Durante mis años de médico atendí a muchas personas que inventaban enfermedades para llamar la atención y así aprovecharse de la situación. Igual uno los veía, los revisaba y se daba cuenta enseguida por dónde venía el tema. Pero lo mío iba enserio, me enfermaba de verdad. Dos operaciones: apéndice y amígdalas fueron un costo muy alto para pensar que yo inventaba mis padecimientos. Será por eso que desde chico siempre me pregunté por qué se enfermaba la gente, y desde ese cuestionamiento empecé a forjar mi futuro. Cualquier académico hubiera encontrado en la ciencia una accesible respuesta a mi pregunta. Basta con un inventario, aunque largo, fácil de enumerar: algún microorganismo, defensas bajas, modos de vida, autoinmunidad, entre tantas otras.
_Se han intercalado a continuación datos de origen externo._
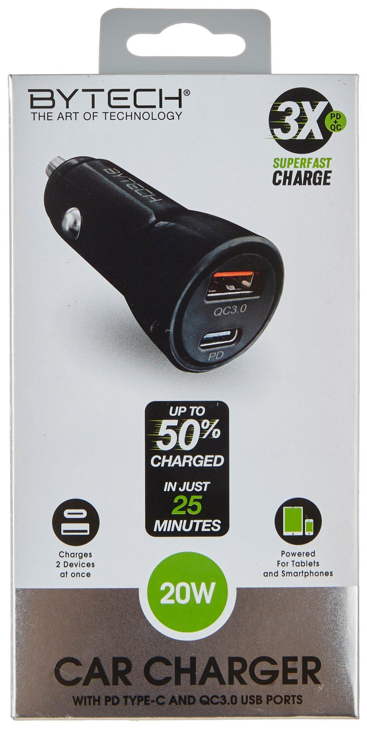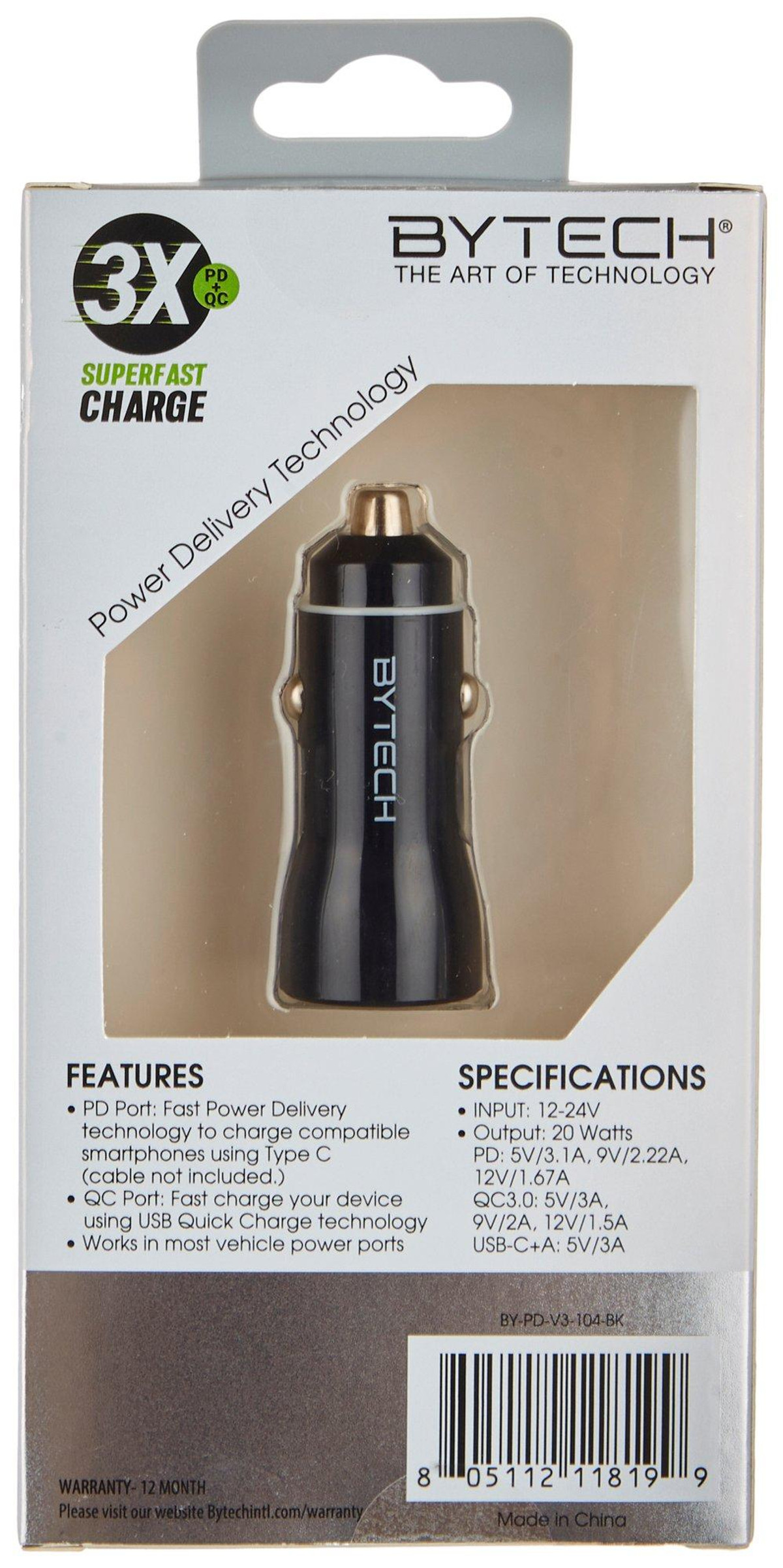 Bytech looks to seamlessly access the world of technology in a clean, lightweight and stylized way. This dual car charger features a port for Type C and USB, 3x super fast charge capability, and offers a space saving design. WARNING: CANCER AND REPRODUCTIVE HARM – WWW.P65WARNINGS.CA.GOV.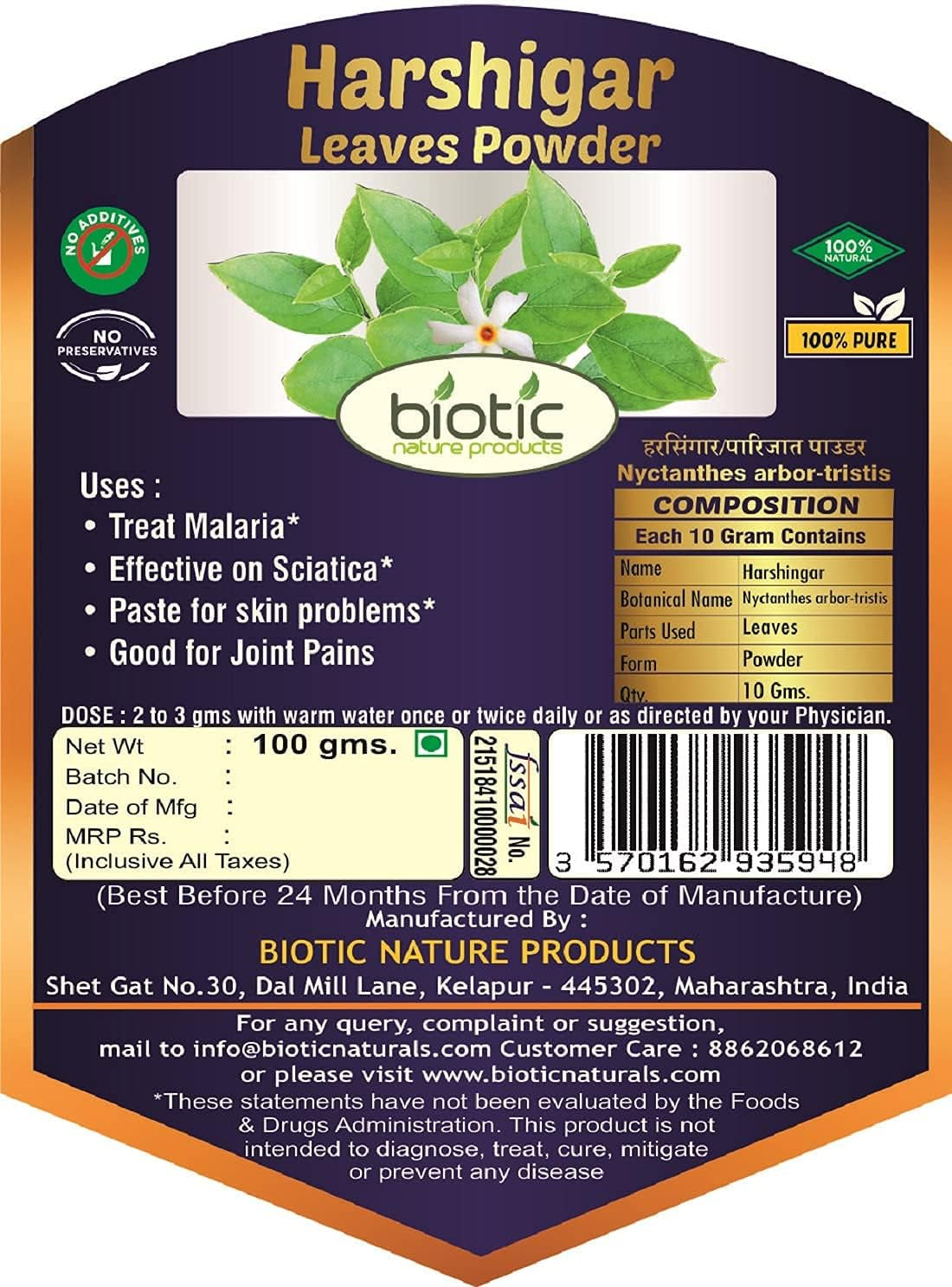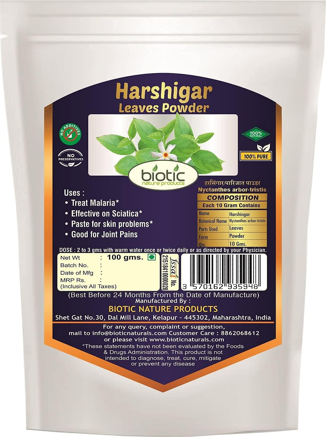 Biotic Harshingar Leaves Powder (Nyctanthes Arbor-Tristis) Parijat Leaves Powder -100Gms

Yo nunca logré resolver la pregunta, y las respuestas científicas no me convencieron. Y quizá así esté bien, sin contestar. Pero de lo que si estoy seguro es que todas aquellas personas que enferman tienen algo que necesitan, algo que contar y que no saben cómo hacerlo. El cuerpo de cada paciente tiene algo para decir. Los caminos de cada persona son algo intrincados. Difícilmente mi pediatra hubiera llegado a entender el origen de mis dolencias infantiles. Por eso creo que estudié medicina, para ayudar a la gente a encontrar el por qué de sus malestares. No siempre (creo que la mayoría de las veces) logré auxiliarlos, pero me alcanzaba con intentarlo.
Nunca sabré si es verdad o no, pero me basta con que sea mi verdad. Aún así, en todo este tiempo de lo único que me convencí y que estoy seguro, es que yo me enfermaba para poder jugar con mi bisabuela.